§ EXERCISE GOAL: Using the data below, output a verbatim copy of the lines between the one holding "Каркас: профильная труба" and the one holding "Glass vase with", inclusive, without any pictures.

§ EXTRACTED MATERIAL:
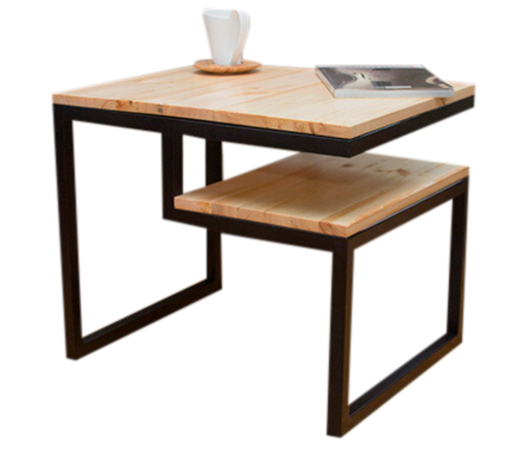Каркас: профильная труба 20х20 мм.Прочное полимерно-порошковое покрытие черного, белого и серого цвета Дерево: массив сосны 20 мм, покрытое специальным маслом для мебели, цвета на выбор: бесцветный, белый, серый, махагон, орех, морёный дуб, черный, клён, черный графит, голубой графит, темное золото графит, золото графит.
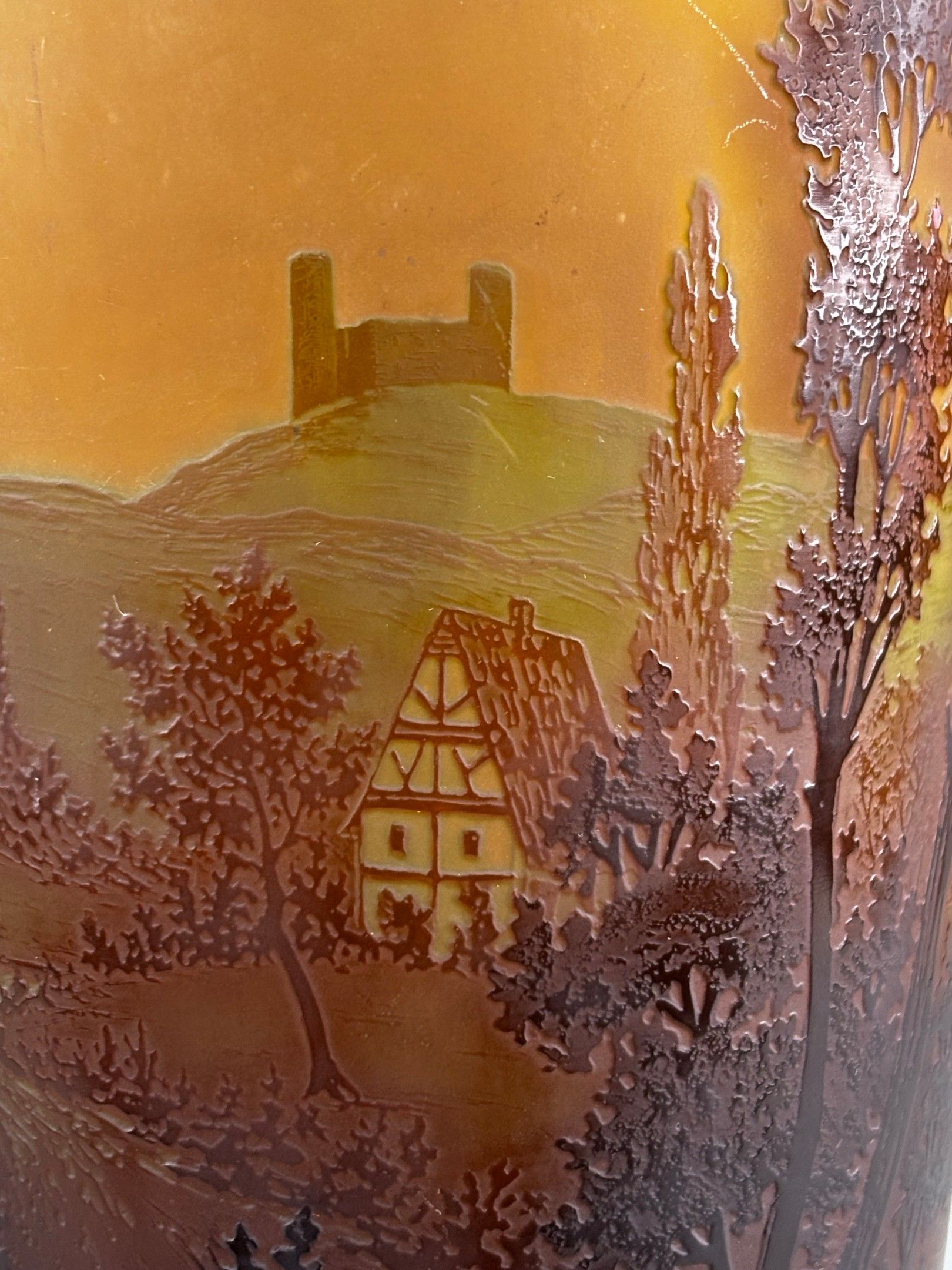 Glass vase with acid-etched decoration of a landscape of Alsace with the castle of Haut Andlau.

...

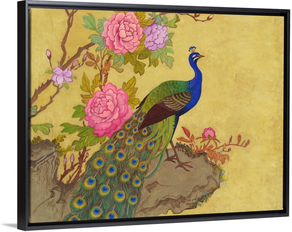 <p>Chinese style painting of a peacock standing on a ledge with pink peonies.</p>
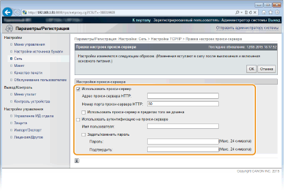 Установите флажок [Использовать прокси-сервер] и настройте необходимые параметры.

--

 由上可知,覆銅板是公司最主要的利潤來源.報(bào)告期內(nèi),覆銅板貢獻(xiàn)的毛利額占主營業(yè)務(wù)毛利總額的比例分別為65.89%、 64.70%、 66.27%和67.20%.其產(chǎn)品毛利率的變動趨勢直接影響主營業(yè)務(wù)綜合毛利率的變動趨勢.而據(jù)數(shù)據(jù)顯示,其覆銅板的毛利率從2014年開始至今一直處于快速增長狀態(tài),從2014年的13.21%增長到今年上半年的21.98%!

§ RESPONSE TO THIS TASK:
Каркас: профильная труба 20х20 мм.Прочное полимерно-порошковое покрытие черного, белого и серого цвета Дерево: массив сосны 20 мм, покрытое специальным маслом для мебели, цвета на выбор: бесцветный, белый, серый, махагон, орех, морёный дуб, черный, клён, черный графит, голубой графит, темное золото графит, золото графит.
 Glass vase with acid-etched decoration of a landscape of Alsace with the castle of Haut Andlau.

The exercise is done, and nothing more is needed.